She smiled, but still managed a cool expression as she raised an eyebrow. “Maybe, if it’s interesting.”

  “Oh, this is a challenge? All right, then, it all started when I decided to go out tonight and prowl for someone to hook up with.”

  Both eyebrows went up at that, but she kept listening. She only stopped me when I got into telling her how I get around.

  “OK, maybe you’re taking the idea of a challenge too seriously. At least make it believable.”
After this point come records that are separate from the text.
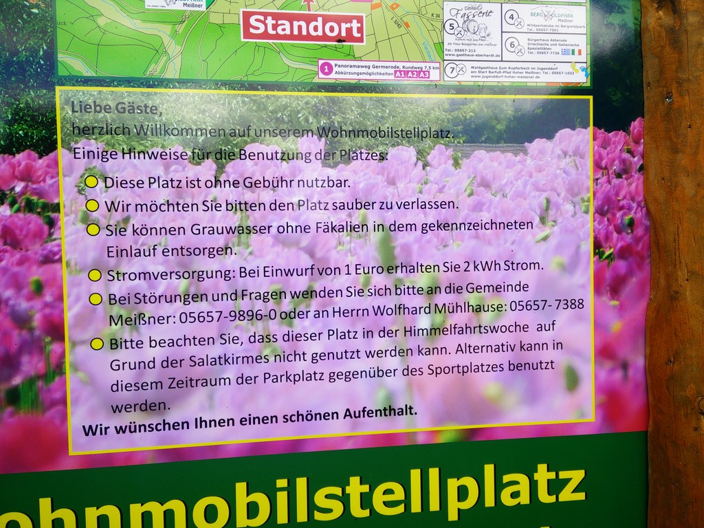 Art des Platzes: Stellplatz Name des Platzes: Wohnmobilstellplatz Germerode Adresse: Deutschland, 37290 Meißner, Auf dem Berge 2 Latitude: 51.191853632228 Longitude: 9.901041227478 V/E: Ja Stellplatz eingetragen von: pipo --> Link Link zum Zielpunkt: --> Link ![]() Schöner, sehr ruhiger Stellplatz am Rande des Meißners und dem Ort Germerode. Idealer Ausgangspunkt um den Meißner zu erwandern. Stellplatz kostenlos. Strom 1€/2KWh Im Ort gibt es einen kleinen Laden und eine Gaststätte mit sehr guter bürgerlicher Küche :mrgreen: ![]() ![]() ![]() ![]() |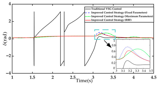 Figure 13 shows the transient power-angle characteristics under severe voltage sag for the traditional VSG control, fixed-parameter control, and the proposed control strategy. After the fault occurs, the power-angle peak of the traditional VSG control reaches approximately 3.4 rad, with large oscillation amplitudes and prolonged oscillation duration, indicating significant instability. The evaluation metrics under severe voltage sag conditions are shown in Table 4. The improved fixed-parameter control strategy effectively enhances system stability, but during the fault recovery period, the power-angle peak reaches approximately 0.78 rad, offering limited performance improvement. In the case of improved maximum parameters, the recovery speed of the angle of attack is slow, and it cannot return to its initial value within a short period of time. In contrast, the RBF-based improved control strategy not only ensures system stability but also reduces the power-angle peak to approximately 0.61 rad, while the recovery time remains 0.61 s.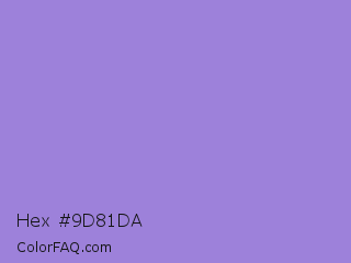 Hex #9d81da Color is a light indigo color and the nearest color is Lilac Bush #9874d3. Hex code #9d81da and RGB value is rgb(157,129,218). In RGB color space, this color is composed of 62% red, 51% green, 85% blue, In CMYK color space, this color is composed of 28% cyan, 41% magenta, 0% yellow , 15% black , In HSL color space, this color has a hue angle of 259° , 55% saturation and 68% lightness.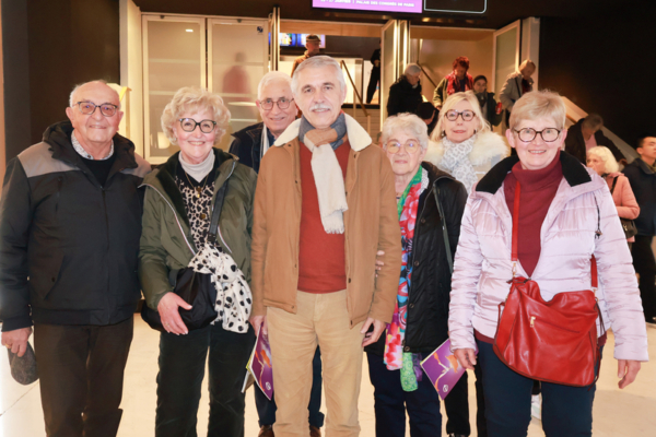 2026年1月26日下午,法国农业信贷银行东北退休人员协会主席François Regnauld先生(中)与协会会员们一起观看了神韵国际艺术团在巴黎国际会议中心的演出。(张妮/大纪元)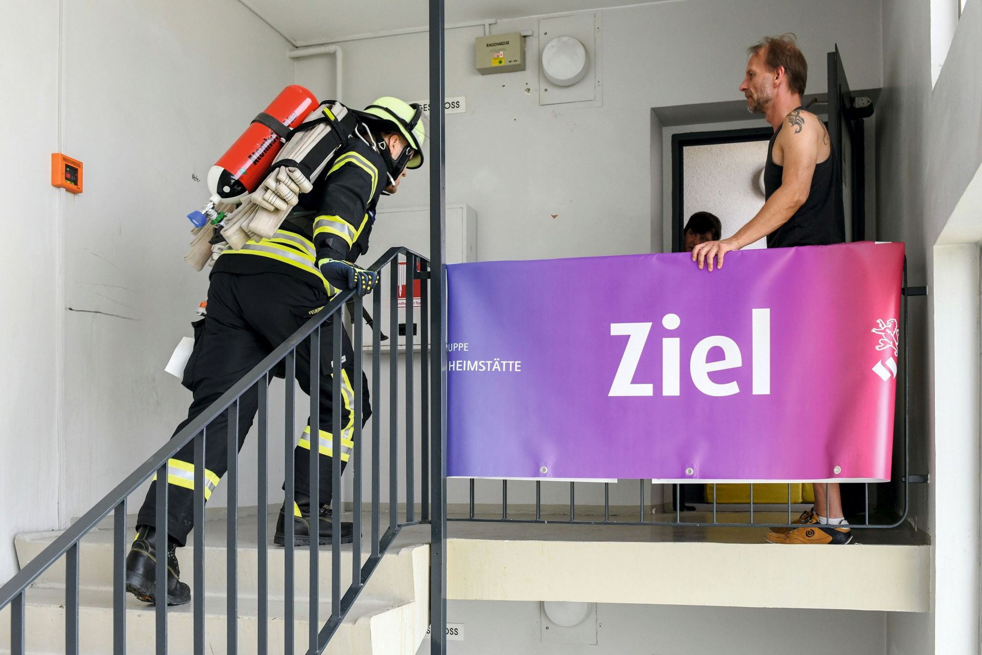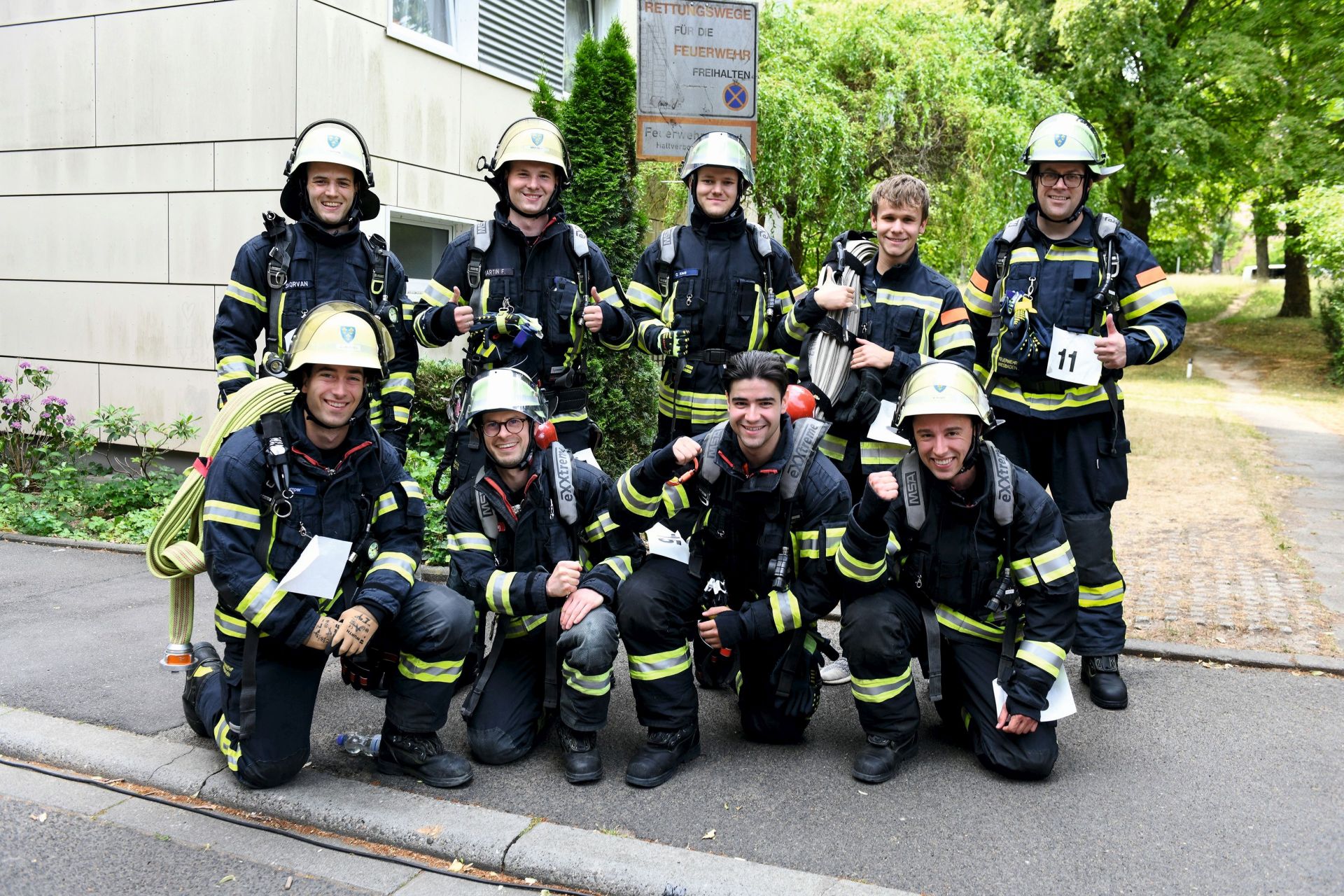 Wiesbaden – Alle waren sich einig: Es war wieder einmal eine gelungene Veranstaltung. Wo normalerweise Bewohner ihre Einkaufstüten hochschleppen, sprinteten am Samstag 36 Hobby-Läuferinnen und -Läufer nach oben. Beim inzwischen 6. Hochhauslauf der Unternehmensgruppe Nassauischen Heimstätte | Wohnstadt (NHW) wurde das Treppenhaus eines Miethochhauses der NHW in Wiesbaden-Klarenthal einmal mehr zur Laufstrecke. Bei schwülen Temperaturen erstürmten sie die 192 Stufen des Gebäudes in der Hermann-Brill-Straße. Gesamtschnellster war Serkan Bilgin mit 45,1 Sekunden. Ein Highlight war die Teilnahme der Freiwilligen Feuerwehren Wiesbaden Stadtmitte und Klarenthal. Die neun Männer nutzten den Lauf als Training für den Notfall. Sie haben die zwölf Stockwerke in voller Sicherheitsmontur inklusive Helm und mit rund 30 kg Gepäck, also mit Sauerstoffflasche und Schlauch, erklommen. Mit Benni Brandes stellte die Feuerwehr auch den schnellsten Läufer der Altersgruppe 36-50 Jahre.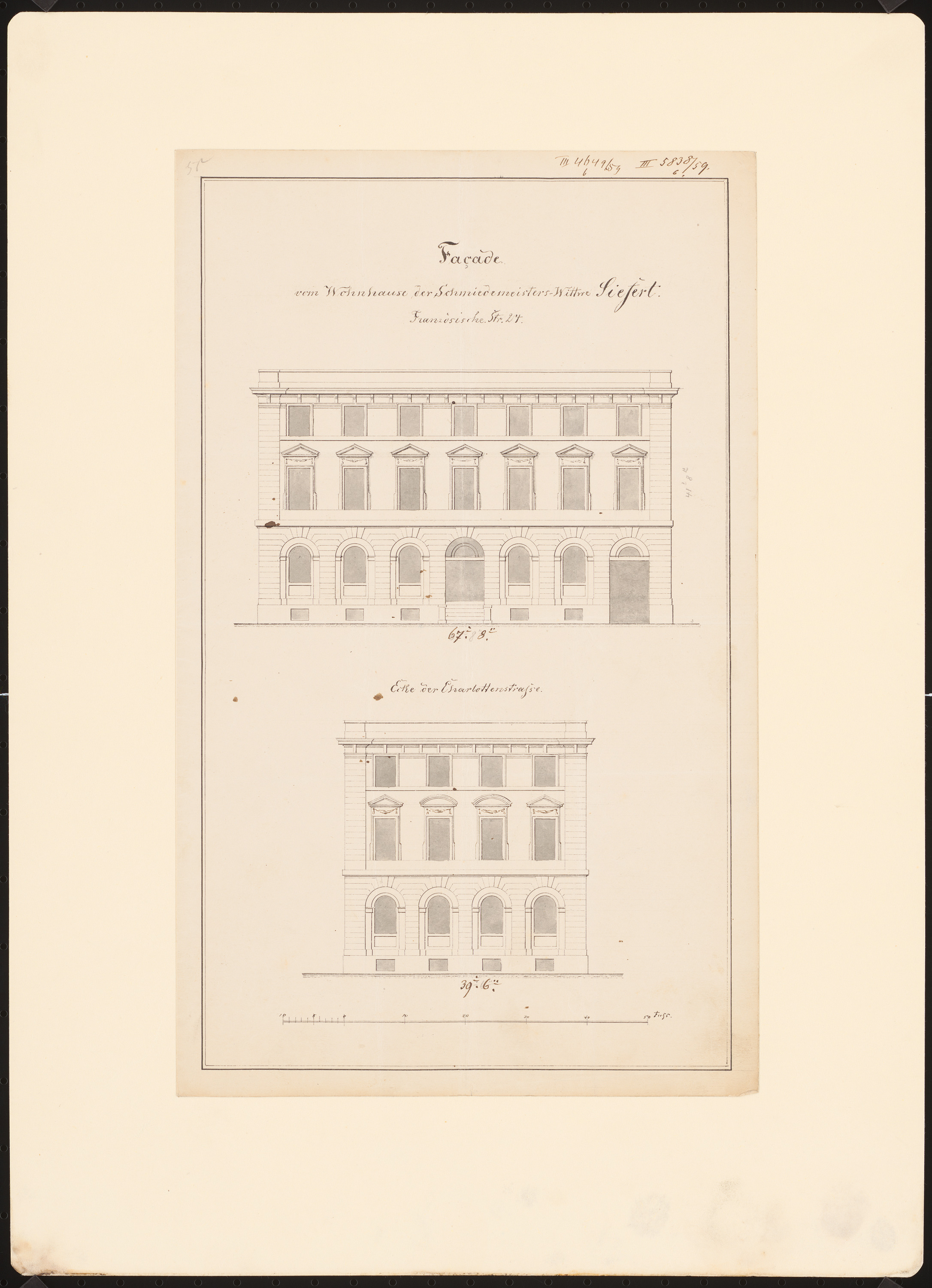 Potsdamer Bürgerhäuser. Bauaufnahmen (sog. Ziller-Mappe) um 1850. Wohnhaus Französische Straße No. 24 (Baujahr 1781)

  I shook my head. “Everything I’ve told you so far has been true. I’m not a good liar; I’d rather just tell you what happened.”

  Her eyebrows rose even higher then, which made me laugh. “So you don’t believe me? All right, go get that guy another beer and come back over here and I’ll give you a demonstration.”

  Surprised that she hadn’t noticed on her own, I watched her hurry over to the other side of the bar. To my great pleasure, I appreciated watching her departing just as much as seeing her come back.

  “All right,” I said as she stood nearby again. “Do you see those chairs in the corner?”

  I pointed to an area past the other end of the bar where someone had stacked extra chairs and a few empty kegs, right next to a door marked exit. She glanced back at me and nodded.

  “OK, touch my arm or something to convince yourself I’m really here. And I’m not trying to do anything funny here, I’ve just had people argue I tricked them with some sort of projection or something. Here, I’ll put my hand on the bar and you can touch the back of it, if you like.”

  She gave me another dubious look, but ran a finger down the back of my hand anyway. I could feel a shiver run down my spine as she did. “All right, it does seem you’re here.”

  “Right. What I’m going to do is appear in the corner by the chairs for a second, and then I’ll come right back here. Give me a minute, so I can check that no one’s looking over here or over there.”

  As soon as I thought I could move more or less unseen, I said, “Going now,” blinked, and appeared over by the chairs. I waited a heartbeat, until the bartender had gotten over her shock at seeing me disappear and looked over to lock eyes with me on the other side of the room. Nodding, I blinked and reappeared where I’d been sitting before.

  “Do you believe me now?” I asked, cracking another smile at her expression of bewilderment.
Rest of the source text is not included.